Wastewater treatment facilities across the United States process 34 billion gallons daily while discharging significant nitrogen and phosphorus levels into lakes and waterways.

EPA data shows 58% of river and stream miles and 40% of lake acres contain excess nutrients that trigger harmful algal blooms and serious water quality problems. Municipal treatment systems remove many contaminants but consistently fail to eliminate these nutrients completely.

Phytoplankton offers a natural solution to nutrient-polluted water bodies fed by treated wastewater. These microscopic organisms absorb excess ammonia, nitrite, nitrate, and phosphate that conventional treatment methods leave behind.

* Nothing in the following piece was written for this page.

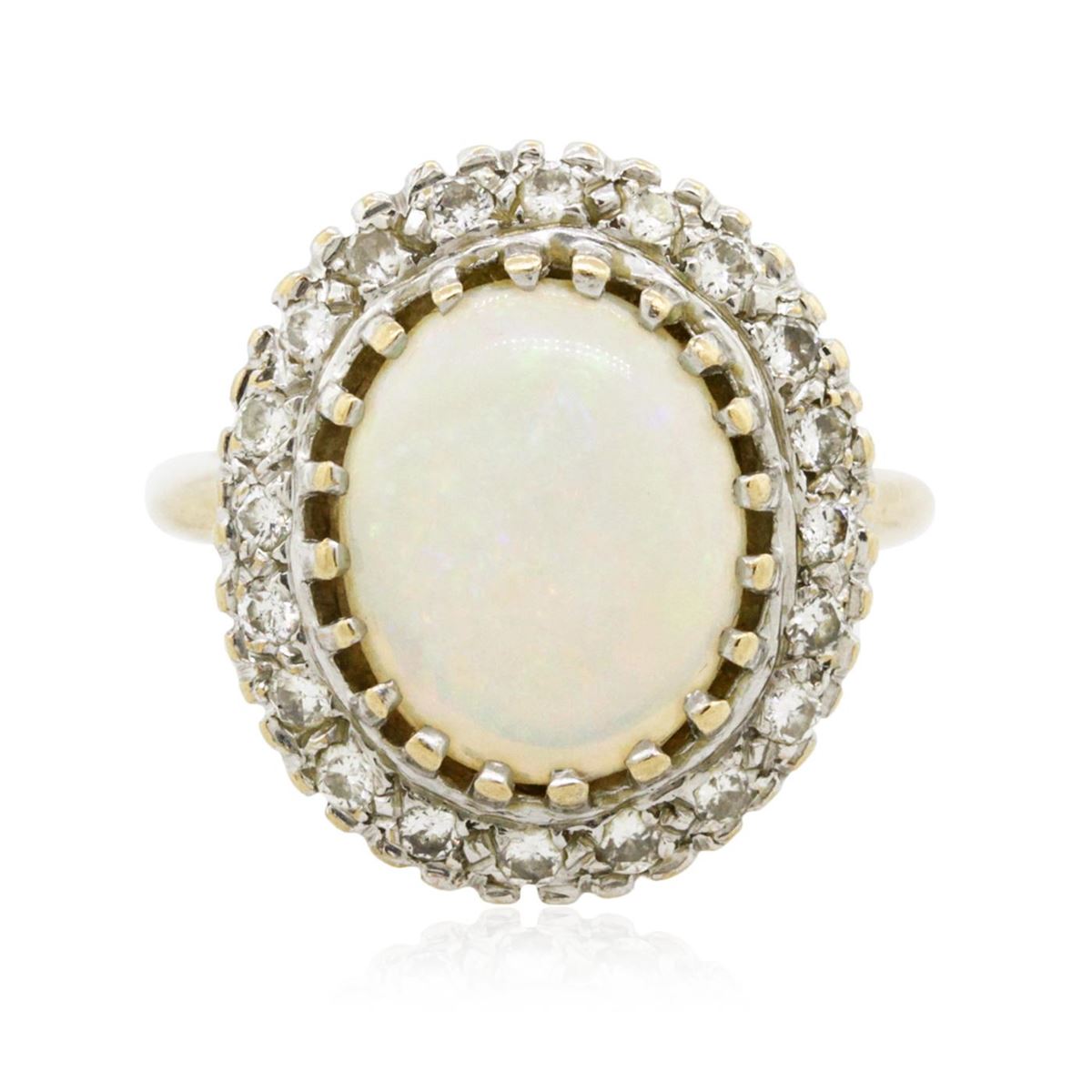 One electronically tested 14KT yellow gold ladies cast opal and diamond ring. The featured opal is set within a diamond bezel, completed by a one and one-half millimeter wide band. Bright polish finish with rhodium accents. Identified with markings of "14K". Condition is good. Containing: One crystal opal that is cut in a oval shaped cabochon and is prong set, measuring 12.00 mm long x 9.34 mm wide, and 3.55 mm thick and the approximate weight is 2.50 carats. The opal has a somewhat bright, multicolor play of color (fire) in a flashfire pattern; a medium dome; a good cut; slightly included; minor dull spot in its brightness and pattern; and is somewhat directional. Graded in the setting. Twenty prong set round brilliant cut diamonds, measuring 1.60 - 1.50 x 0.93mm (depth est.) approximate total weight of 20 Stones = 0.38ct. Graded in the setting. Clarity: VS-1 to VS-2. Color: G - I. Total Weight of Diamonds 0.38ct. Total Weight of Opals 2.50ct. Total Weight of Ring 6.06 grams. AIG Appraised at $3,050.00.

Phytoplankton work within existing ecological processes to restore water balance while avoiding the harmful effects of chemical treatments like copper sulfate that damage beneficial organisms such as zooplankton, which are essential to fish fry and other organisms.

Cities and counties face mounting economic pressure from water management costs. American households spend approximately $500 annually on wastewater collection and treatment, while facilities generate 13.8 million tons of biosolids yearly.

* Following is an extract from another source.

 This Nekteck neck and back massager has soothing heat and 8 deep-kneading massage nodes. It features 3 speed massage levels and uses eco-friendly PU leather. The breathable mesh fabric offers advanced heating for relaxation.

Phytoplankton offers municipalities a cost-effective approach that addresses nutrient pollution while supporting both recreational water use and agricultural irrigation needs. This biological method creates sustainable solutions for communities dealing with wastewater discharge impacts on their water resources.

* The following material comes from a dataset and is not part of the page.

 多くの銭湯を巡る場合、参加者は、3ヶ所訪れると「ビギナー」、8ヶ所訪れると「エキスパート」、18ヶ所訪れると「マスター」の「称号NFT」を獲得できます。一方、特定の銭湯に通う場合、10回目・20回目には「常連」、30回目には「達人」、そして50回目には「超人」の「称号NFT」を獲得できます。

The problem with nutrient pollution in treated wastewater

Nutrient pollution creates serious ecological problems in freshwater systems despite advances in wastewater treatment technology. Treatment facilities discharge excess nitrogen and phosphorus that fuel cascading environmental damage across water bodies.

How ammonia and phosphate affect freshwater lakes

Ammonia and phosphate function as fertilizers in water bodies, driving excessive algae growth with the potential to eventually lead to eutrophication. Ammonia shifts from its relatively harmless ammonium (NH4+) form to toxic ammonia (NH3) as lake conditions change, killing fish at concentrations as low as 0.016 mg/L [11]. This toxicity increases dramatically with higher pH and temperature [11].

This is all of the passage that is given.